# Great Moments In Opera, Overture From Wagner’s Opera “The Flying Dutchman”



## Truvianni (Apr 21, 2011)

An article on the subject of the overture from Wagner’s opera “The Flying Dutchman” which I recommend to all those whose tastes incline towards simple yet inspirational melodies. 

“The Flying Dutchman” is an opera composed by Richard Wagner which in fact was inspired by a most perilous and even illegal journey by ship which the composer once took with his first wife, “Minna Planer” from Riga (Latvia) to London (England). It being in order to escape from those whom he owed money to that Wagner decided to flee Riga; under circumstances which were made even more daring by his needing to do so without a passport. This due to having been forced to surrender his passport to the authorities, who took it on behalf of his creditors. Wagner getting in to debt in order to support a life of luxury which clearly was way above his means as to require him to have to cheat others.

It was on this journey however that Wagner would experience the full wrath of the seas as the ship he was traveling on was struck by a storm. This causing a journey which should have taken but eight days to last 3 weeks. As the ship he was traveling on was even forced to take refuge at Norwegian Fjords at Tvedestrand. All of which in and of itself would have made this in to an odyssey to remind us of the one written by Homer yet compounded to this was Mina’s miscarriage during the couple’s escape.

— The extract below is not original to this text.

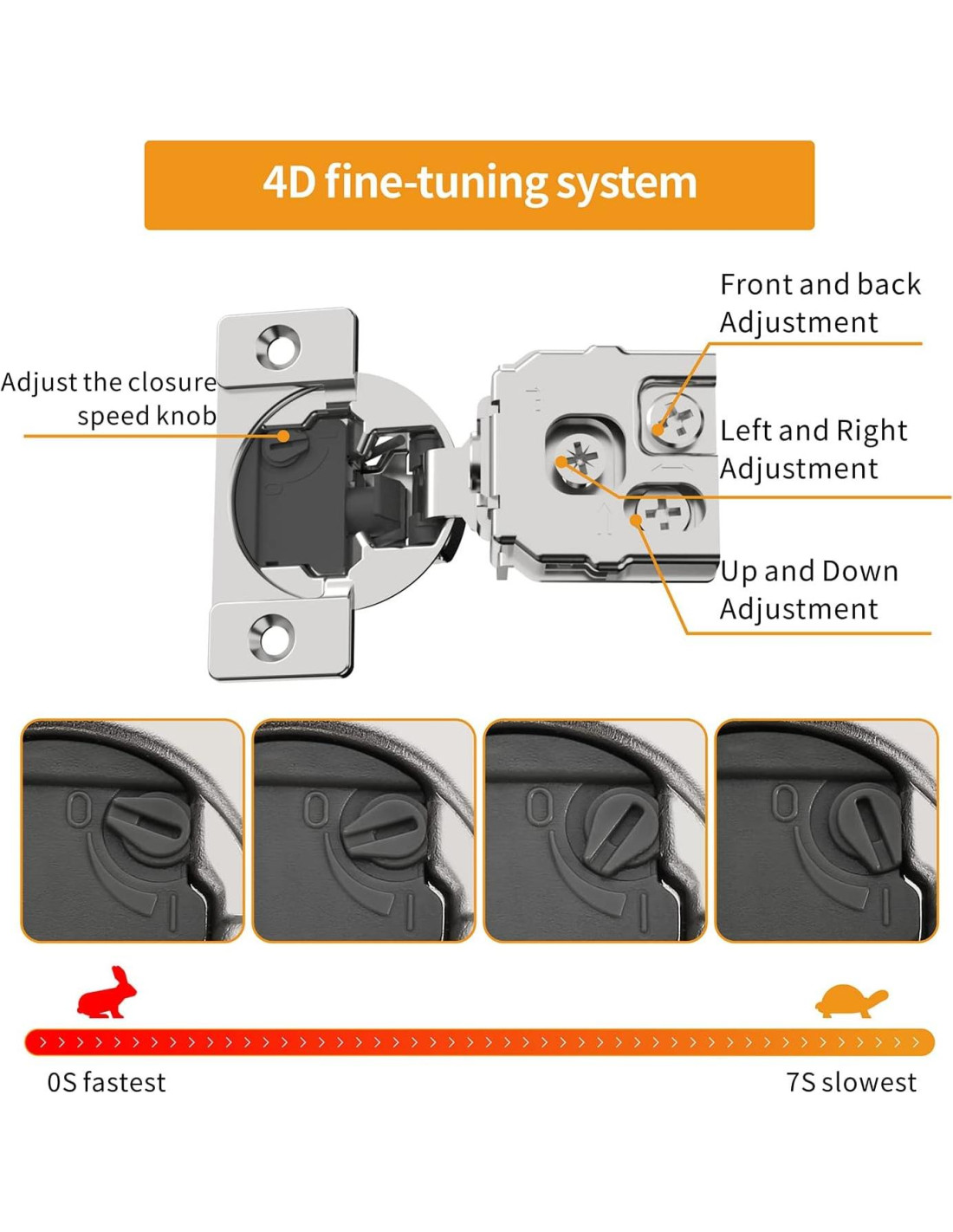 - Actualización ajustable 4D: Las bisagras 4D pueden ajustar la puerta del armario simplemente girando un destornillador (Vertical, Horizontal, Profundidad, Velocidad de Cierre), lo que asegurará que sus nuevas puertas de armario personalizadas no se hundan, se alineen correctamente y se abran y cierren suavemente; La velocidad de cierre se puede ajustar a voluntad dentro de 0-7s.

This perhaps being a factor which made Wagner feel like the main character in the Flying Dutchman; a man who has been sentenced to travel the seas forever till he is redeemed by the love and sacrifice of a woman. 

As for “The Flying Dutchman”, it is the story of the captain of a ship, who due to his blasphemy of the devil is forced to sail the seas endlessly or at least till he meets a woman; who in her love for him is willing to sacrifice herself so that he might be set free. This being very difficult indeed for the Dutchman to meet such a woman. Specially since he is forced to sail the seas almost without rest yet he is allowed to spend one week a shore every seven years. 

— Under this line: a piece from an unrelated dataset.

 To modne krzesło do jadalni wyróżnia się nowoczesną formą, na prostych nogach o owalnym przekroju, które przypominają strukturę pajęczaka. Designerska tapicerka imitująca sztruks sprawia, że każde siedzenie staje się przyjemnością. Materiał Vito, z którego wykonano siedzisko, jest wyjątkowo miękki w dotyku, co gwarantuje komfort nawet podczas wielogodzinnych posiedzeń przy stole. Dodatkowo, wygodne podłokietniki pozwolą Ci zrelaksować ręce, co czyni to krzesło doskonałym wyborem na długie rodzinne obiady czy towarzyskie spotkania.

As for the overture, it starts off with the powerful motif of a tremendous storm at sea. Wagner’s music allowing us to almost feel the wind and even waters of the sea on our faces as his leitmotifs (leading motifs in English) practically create the force of the ocean in the sounds this overture offers us. This producing the sensation that one is on a ship in peril of being destroyed by the fury of the ocean. This in fact, being the fist opera in which Wagner makes use of such motifs. This being something he would extend even to larger degree in his upcoming opera. The next of which being “Tristan And Isolde” yet it is in overture of “The Flying Dutchman” in which Wagner introduces motifs to represent individual characters; most noticeably the Dutchman and Senta. Senta, the romantic aspect of the overture. As she is the woman who eventually makes the ultimate sacrifice so that the Dutchman’s spirit along with hers; might be allowed on to ascend on to heaven where they can be together in death. This theme to my mind being one of the most captivating in this particular overture as it allows us to feel the suffering of the Dutchman. 

As a further note, I would like to compare the story of “The Flying Dutchman” to the one in the film “Breaking The Waves” by Danish director; Lars von Trier. “Breaking The Waves” being the story a woman from Scotland also sacrifices her life in order to save her husband, who goes by the name of Jan and though his nationality is not specifically mentioned in the film; one could believe that he too is a Dutchman. 

In conclusion, I would like to recommend the opera “The Flying Dutchman” to anyone who is a fan of tragic love stories. As this opera has all the elements of sacrifice as well as redemption through the act of love. It being this factor which makes this a great opera to enjoy specially on this upcoming Valentine’s day. As it demonstrates all the affections that can arise between a man and a woman who take to the forms of adoration. Regarding the tragedy in the “Flying Dutchman”, this perhaps can be a matter of interpretation because though the Dutchman and Senta both die at the end; they do ascend up to heaven where it is clear that they will be able to continue their love. It being in this way of seeing the story which makes it a romance of both sorrow and joy while at the same time giving one the possibility to decide for oneself; if the ending is a sad or a happy one.


----------